Living on the Edge – Emily Nation by Alec McQuay

Cornwall might seem like an odd setting for a post-apocalyptic novel. But Emily Nation, Alec McQuay’s dark story of family and adventure, shows what a perfect place it is to show characters living on the edge.

The Edge of History

By their nature, post-apocalyptic novels are about living on the edge. The characters struggle to survive in broken cities and barren wastelands. Their societies reflect the jagged outer edge of history, a moment in which civilisation has collapsed, leaving us wondering if it can ever be rebuilt.

That rebuilding is central to Emily Nation. Generations on from a destructive war, the assassin Emily Nation is living in Camborne, a town rebuilt from the ruins. Here, families live lives of relative peace, supported and protected by the likes of Emily. Life hangs by a tenuous thread, and the swiftness with which Emily wipes out her targets is a reminder of how quickly anyone could be snuffed out. But at least the citizens of Camborne are rebuilding with good intent.

Down the road, life in Penzance is very different. Crime lords are rebuilding an economy based on brutality, prostitution, and forced labour. When Emily falls foul of one of these crime bosses, her friends and family suffer the consequences. The peace of Camborne is violated by outsiders, just as a reader’s sense of peace and security is violated by the post-apocalyptic ruins.

Our future balances on a knife edge between prosperity and collapse into McQuay’s speculative ruins. And as the story unfolds, the future Camborne joins us there.

The Edge of Britain

Cornwall is a perfect setting for such a story because it is already a land on the edge. Laying at the south-western extremity of Britain, it is geographically isolated. Even once you get to Cornwall, it can easily take two hours to reach Penzance. Most of the county lies within easy travel of the coast, where rugged cliffs mark the edge of land and sea.

Throughout its history, the people of Cornwall have found themselves living on the economic edge. The food and money provided by fishing are vulnerable to weather and the shifting shoals, fishermen vulnerable to storms. In the tin mines, men literally scraped a living from the dirt, again risking their lives for jobs that could vanish when a seam ran out, and that disappeared forever in the 1980s. The modern economy, dominated by tourism, offers the uncertainties of seasonal work.

This creates a background note of anxiety that matches the breath-taking bleakness of the coastline and its abandoned mines. That anxiety fosters a conservatism that led many in Cornwall to vote to leave the European Union, despite the benefits it brought the county. Living on the edge means living in uncertainty, and that pushes people towards the comfort of a conservative outlook.

The Forward Edge of Progress

This is where Emily Nation takes a different path from its setting.

The book embraces sexual diversity, starting with the protagonist’s marriage to another woman. It holds up alternative family units as just as valid as the traditionally mum, dad, and their own kids. It shows the systemic oppression that comes when desperate people accept desperate jobs, giving cruel economic masters power over them. Racism is exposed in all its hypocrisy through the struggles of mutant miners. The biggest driver for destruction is effectively the arms trade.

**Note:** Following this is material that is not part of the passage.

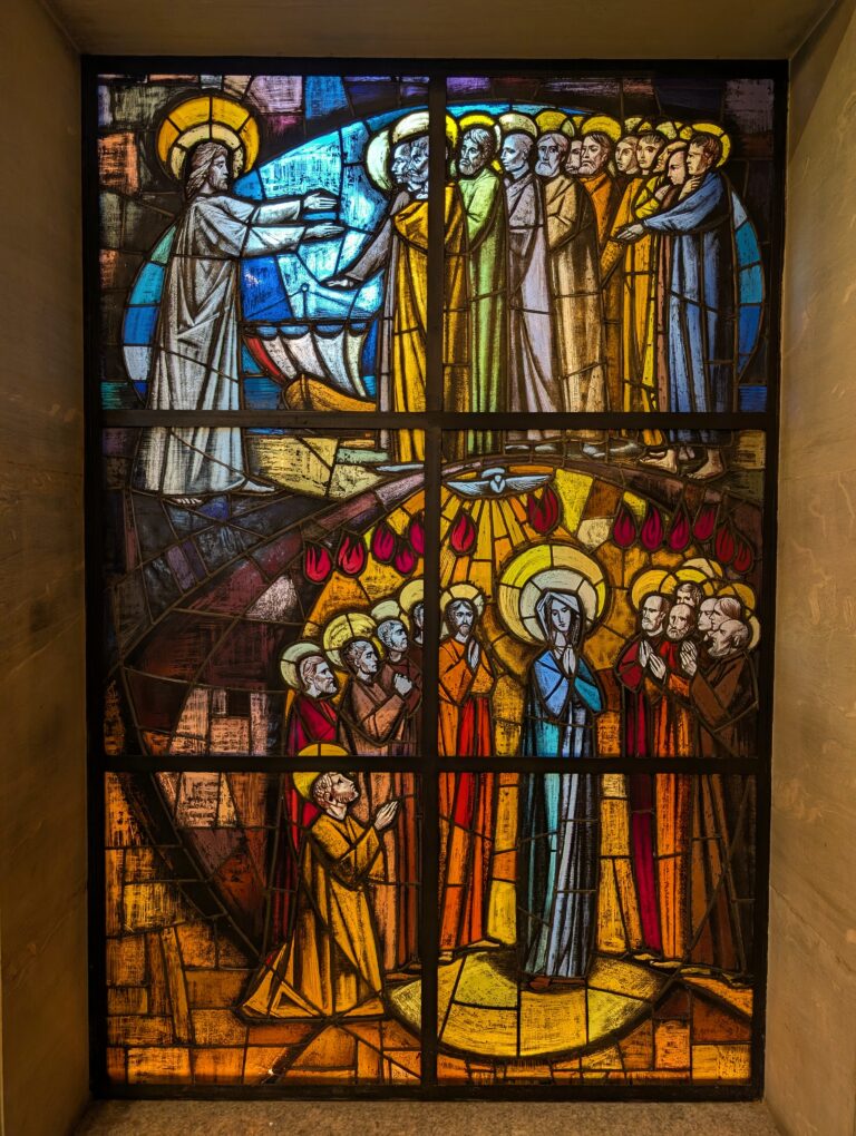 È al piano secondo della nostra struttura che si concentrano le opere d’arte contemporanea: lì l’8 dicembre 1966 Paolo VI inaugurò la Cappella. Fu principalmente ed originariamente sua l’idea di una nuova sede per il Seminario Lombardo, suo l’impegno affinché fosse realizzato, dapprima come Arcivescovo di Milano e poi nei primi anni del suo pontificato. Immaginiamo suo pure l’interesse e la cura per le opere d’arte che, da quel dicembre 1966, impreziosiscono la cappella. Attento alla modernità e mecenate d’arte contemporanea chiamò grandi artisti a dare forma, colore e spazio alla preghiera. Molti di loro avevano anni prima realizzato loro opere per la Cappella privata del Santo Papa all’interno del Palazzo Apostolico. L’arte nuova è ricerca nuova del mondo dello spirito. Ma in questo sforzo, in questa ricerca, originale e fuori di ogni convenzione, può ritrovarsi un omaggio degno a colui che ha tutta consacrata la vita fra noi per spingerci a cercare il mondo dello spirito, il quasi smarrito mondo dello spirito. Ricerca è preghiera, preghiera è ricerca. Un’arte che prega.

The values of the book lie left of centre, at least in a British context. Having a gay female protagonist shouldn’t be unusual, yet is still a radical act, pushing genre fiction towards greater representation. The women in the book are just as capable as the men in exactly the same fields, and it’s not an issue. This is a progressive book that lives on the edge in a positive sense, at the forward edge of current reforms in society and representation.

The Two Edges

Like the blade that features prominently in its final act, Emily Nationhas two edges. One is a dark edge, exposing the insecurities that come not only in a post-apocalyptic future but in any part of the world where life and livelihoods are uncertain. The other edge shines brightly, slicing through traditional expectations, joining with other great speculative fiction in trying to set people free.

Sure, this is an action story, one dominated by fights, chases, and explosions. But it’s an action story with a thematic richness, made all the more satisfying by its distinct and evocative setting.